‘Misunderstood’ waste plant bids for approval

Great Southern Waste Technologies executive general manager Stuart Gilbert and chief operating officer Bill Keating with the proposed waste-to-energy plant. 207210_01 Picture: CAM LUCADOU-WELLS

By Cam Lucadou-Wells

A Dandenong South waste-to-energy proponent will submit its interest in a 16-council consortia’s tender process for advanced waste solutions in Melbourne’s South East.

Great Southern Waste Technologies will propose its controversial site at 70 Ordish Road, which has been overwhelmingly opposed by schools and residents in neighbouring Keysborough.

The consortia’s South East Metropolitan Advanced Waste Processing Procurement process is being led by the Metropolitan Waste and Resource Recovery Group. The group includes Greater Dandenong Council.

“I don’t think the proposal is understood yet by the local residents,” GSWT chief operating officer Bill Keating said of the heated community objections.

“We’re not there to cause harm. We’re out there to cause benefit in terms of the actual amount of pollution.

“We’re not belching out smoke or toxic chemicals – it’s illegal to do that. The EPA just won’t allow that to happen.”

Compared to the waste going to landfill, the plant would be “environmentally positive” and a “better solution”.

It would result in less carbon-dioxide emissions and groundwater contamination than dumping waste at the tip.

Mr Keating acknowledged strong community objections to emissions and ground-level concentrations and how they will be measured.

It was wrongly reported that about three per cent of the waste will be emitted as fly-ash, Mr Keating said. It would be captured in a bag filter within the plant, rather than expelled into the atmosphere.

Particulate-matter air emissions would be “near zero”, he said.

“We have to be below that 10-parts-per-million (threshold) – and we are.”

The tender process isn’t expected until later this year, with the impact of Covid-19 an unknown obstruction.

Greater Dandenong is among the 16 councils that are part of the South-East advanced-waste consortia.

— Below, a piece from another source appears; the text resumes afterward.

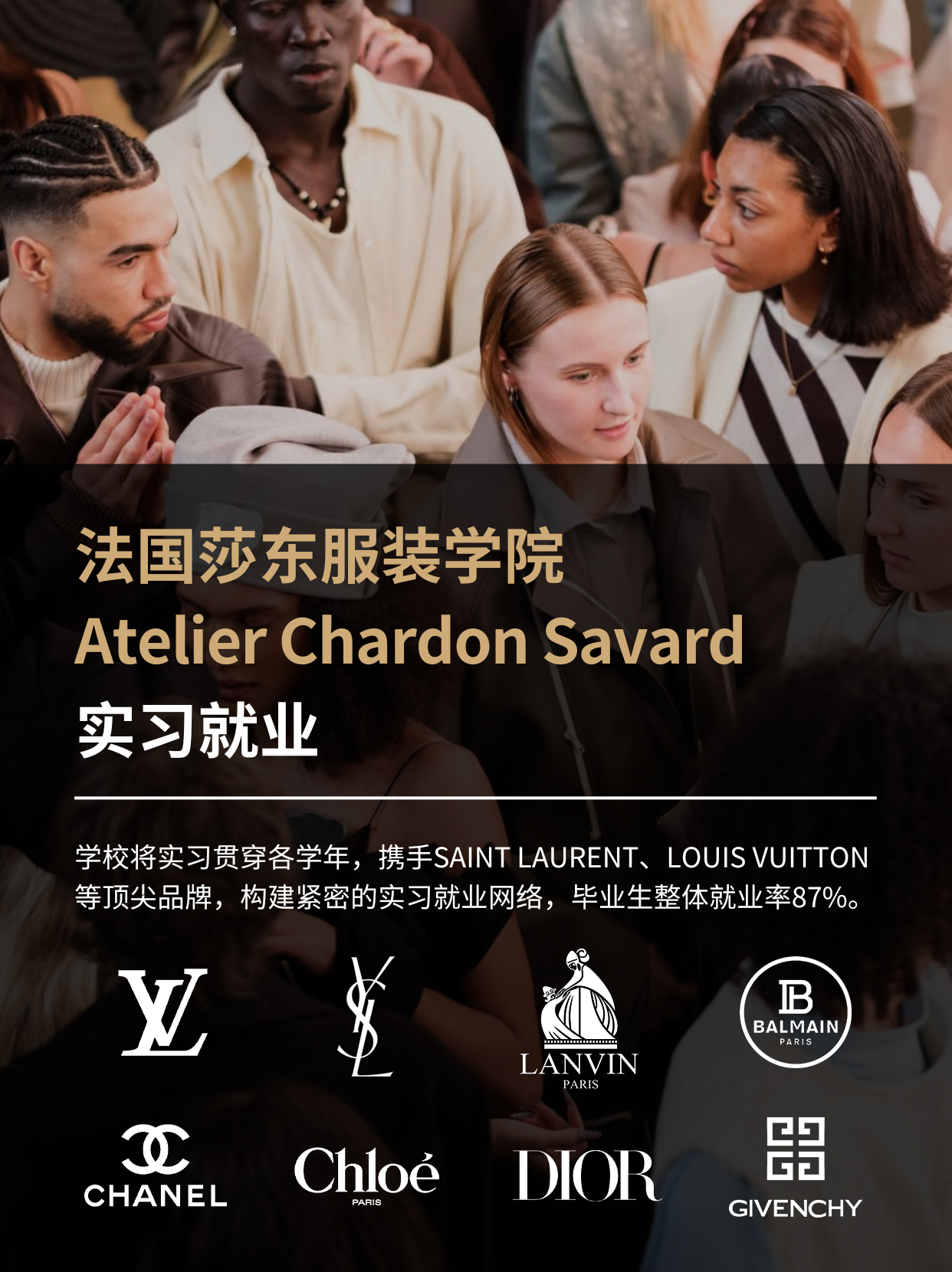领英数据显示,法国莎东毕业生就业率约87%,与IFM不相上下(86%),常见就业去向包括SAINT LAURENT、CHANEL、LOUIS VUITTON等奢侈品牌,就业竞争力扎实。

It delayed a decision on a building works permit for the GSWT proposal.

With the 60-day statutory time limit expired, GWST has lodged for the permit to be heard at the Victorian Civil and Administrative Tribunal (VCAT).

GWST is also awaiting approval from Environment Protection Agency Victoria (EPA).

The 1.27-hectare site at Ordish Road is in an industrial 2 zone identified by the State Government as a waste and recovery hub of state importance, the proponent argues.

The plant will process 100,000 tonnes of waste, mainly from households, that would otherwise go to landfill.

It would generate about 7.9 MegaWatts of power into the grid – suffice for about 7000 homes and businesses.

Mr Keating said the technology had been “well proven” in Europe, easily meeting European Union emissions standards.

The plant would employ 30 workers with a further 30 indirect jobs, Mr Keating said.